As I was getting ready for bed I heard my dogs going crazy outside so I took my new homemade slingshot and my torch and went to see what the commotion was. I saw some eyes shining back at me from a nearby tree and knew straight away it was a possum. I called the dogs and because they were nearby it would not try run but stayed in the tree . I got really close and let it have it with some 12 mm steel ball bearings. It soon hit the deck and the dogs were into it. Fur flying everywhere. I had a closer look and saw the entrance wound on the side of its neck. When I felt inside I could feel the ball bearing right by its spine. It looks like it broke its neck. The little bugger was eating plums off my tree but thats the last time he will do that.


----------



## Viper010 (Apr 21, 2012)

Do they taste good? At least it looks to have a little more meat on it than a squirrel does.


----------



## SlingshotBill (May 29, 2014)

Yeah how is the meat???

That is a weird looking animal is that a normal sized one? wish i could hunt them.


----------



## Tendele (Nov 29, 2014)

SlingshotBill said:


> Yeah how is the meat???
> That is a weird looking animal is that a normal sized one? wish i could hunt them.
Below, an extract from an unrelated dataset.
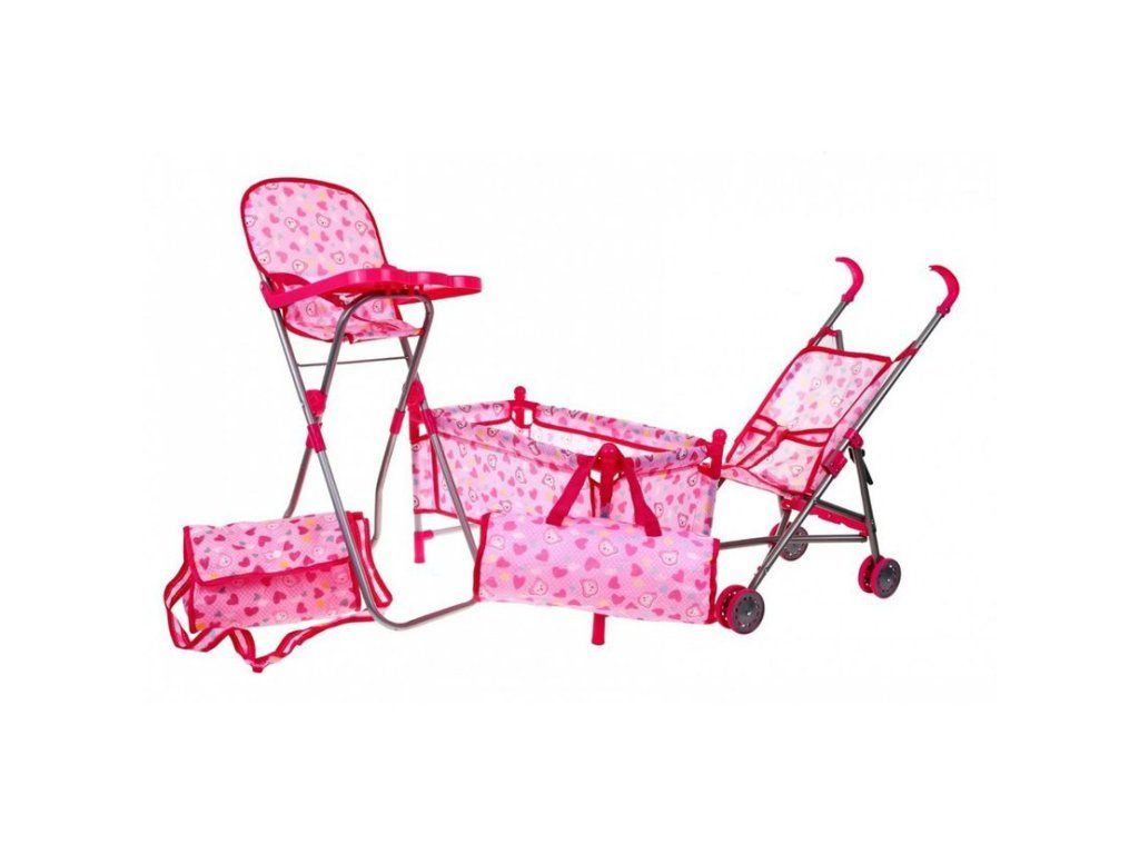 Sada 5v1 Kočárek pro panenky Postýlka Židlička Kabelka

This one was smaller than usual. It probably left its mothers care not too long ago. They are about the size of a big cat when fully grown. They have a pouch , so are marsupials.


----------



## Tendele (Nov 29, 2014)

SlingshotBill said:


> Yeah how is the meat???
> That is a weird looking animal is that a normal sized one? wish i could hunt them.


The meat has been eaten before but only by people trying to gain publicity. Its equivalent to eating a monkey I suppose. They are smelly buggers. We kill them because they are an introduced species from Australia which have no natural predators here in New Zealand to kill them . As a result their population has exploded here and they are destroying the plant and bird life of this country. Have been declared public enemy number one and we are encouraged to kill them.
Its great for me because they present a great hunting opportunity.


----------



## Charles (Aug 26, 2010)

Looks like a good job of pest control ...

Cheers ..... Charles


----------



## K Williams (Dec 9, 2015)

That's a funny looking opossum. North American species looks more like a white/grey rat on steroids.


----------



## YHY slinger (Aug 18, 2014)

Really nice natural !!


----------